What is required – Copy each line of the listing below exactly and drop the images.

Exercise materials –
================================
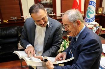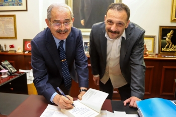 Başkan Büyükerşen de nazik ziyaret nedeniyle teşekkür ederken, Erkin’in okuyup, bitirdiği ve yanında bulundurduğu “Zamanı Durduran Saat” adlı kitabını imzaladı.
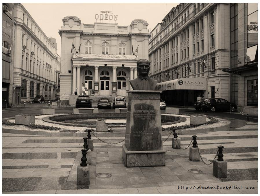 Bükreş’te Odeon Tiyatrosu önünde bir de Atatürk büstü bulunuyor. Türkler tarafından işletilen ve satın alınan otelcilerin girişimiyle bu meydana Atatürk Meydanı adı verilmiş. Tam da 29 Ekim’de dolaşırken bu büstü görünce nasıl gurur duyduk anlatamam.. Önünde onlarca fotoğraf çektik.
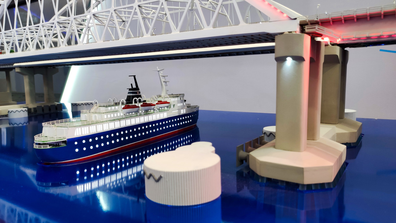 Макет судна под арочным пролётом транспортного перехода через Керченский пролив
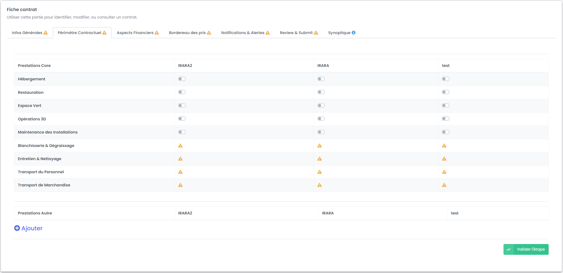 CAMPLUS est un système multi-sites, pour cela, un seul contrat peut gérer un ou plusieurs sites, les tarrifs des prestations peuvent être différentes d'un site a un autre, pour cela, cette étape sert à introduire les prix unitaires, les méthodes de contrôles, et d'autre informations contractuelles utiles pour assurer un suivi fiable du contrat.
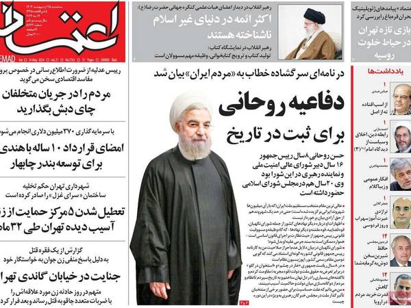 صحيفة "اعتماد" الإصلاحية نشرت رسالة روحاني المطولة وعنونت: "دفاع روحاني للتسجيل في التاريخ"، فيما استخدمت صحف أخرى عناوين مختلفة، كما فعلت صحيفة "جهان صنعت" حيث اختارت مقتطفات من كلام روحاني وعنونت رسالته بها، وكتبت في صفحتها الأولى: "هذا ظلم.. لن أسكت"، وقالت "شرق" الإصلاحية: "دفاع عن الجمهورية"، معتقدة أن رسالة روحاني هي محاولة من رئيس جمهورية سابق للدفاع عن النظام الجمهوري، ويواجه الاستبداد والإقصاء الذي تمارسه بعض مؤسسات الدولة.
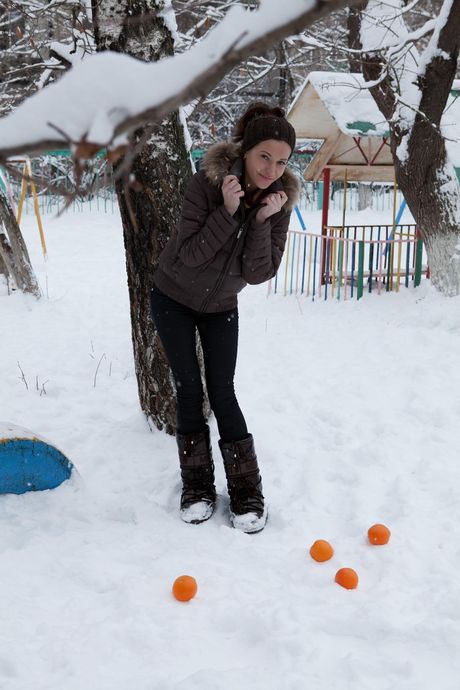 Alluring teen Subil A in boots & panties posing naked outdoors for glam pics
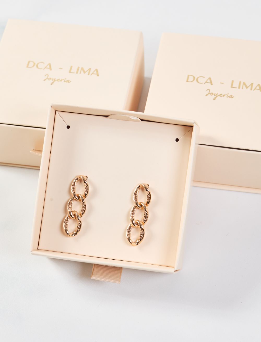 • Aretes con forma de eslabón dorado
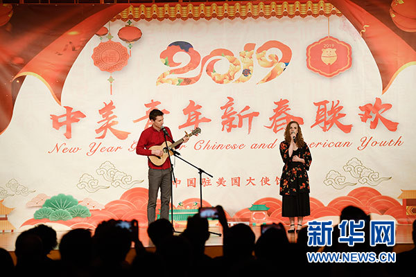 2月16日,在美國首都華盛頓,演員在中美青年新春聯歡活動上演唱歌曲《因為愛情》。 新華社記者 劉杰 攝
================================
Output for this exercise –
 Başkan Büyükerşen de nazik ziyaret nedeniyle teşekkür ederken, Erkin’in okuyup, bitirdiği ve yanında bulundurduğu “Zamanı Durduran Saat” adlı kitabını imzaladı.
 Bükreş’te Odeon Tiyatrosu önünde bir de Atatürk büstü bulunuyor. Türkler tarafından işletilen ve satın alınan otelcilerin girişimiyle bu meydana Atatürk Meydanı adı verilmiş. Tam da 29 Ekim’de dolaşırken bu büstü görünce nasıl gurur duyduk anlatamam.. Önünde onlarca fotoğraf çektik.
 Макет судна под арочным пролётом транспортного перехода через Керченский пролив
 CAMPLUS est un système multi-sites, pour cela, un seul contrat peut gérer un ou plusieurs sites, les tarrifs des prestations peuvent être différentes d'un site a un autre, pour cela, cette étape sert à introduire les prix unitaires, les méthodes de contrôles, et d'autre informations contractuelles utiles pour assurer un suivi fiable du contrat.
 صحيفة "اعتماد" الإصلاحية نشرت رسالة روحاني المطولة وعنونت: "دفاع روحاني للتسجيل في التاريخ"، فيما استخدمت صحف أخرى عناوين مختلفة، كما فعلت صحيفة "جهان صنعت" حيث اختارت مقتطفات من كلام روحاني وعنونت رسالته بها، وكتبت في صفحتها الأولى: "هذا ظلم.. لن أسكت"، وقالت "شرق" الإصلاحية: "دفاع عن الجمهورية"، معتقدة أن رسالة روحاني هي محاولة من رئيس جمهورية سابق للدفاع عن النظام الجمهوري، ويواجه الاستبداد والإقصاء الذي تمارسه بعض مؤسسات الدولة.
 Alluring teen Subil A in boots & panties posing naked outdoors for glam pics
 • Aretes con forma de eslabón dorado
 2月16日,在美國首都華盛頓,演員在中美青年新春聯歡活動上演唱歌曲《因為愛情》。 新華社記者 劉杰 攝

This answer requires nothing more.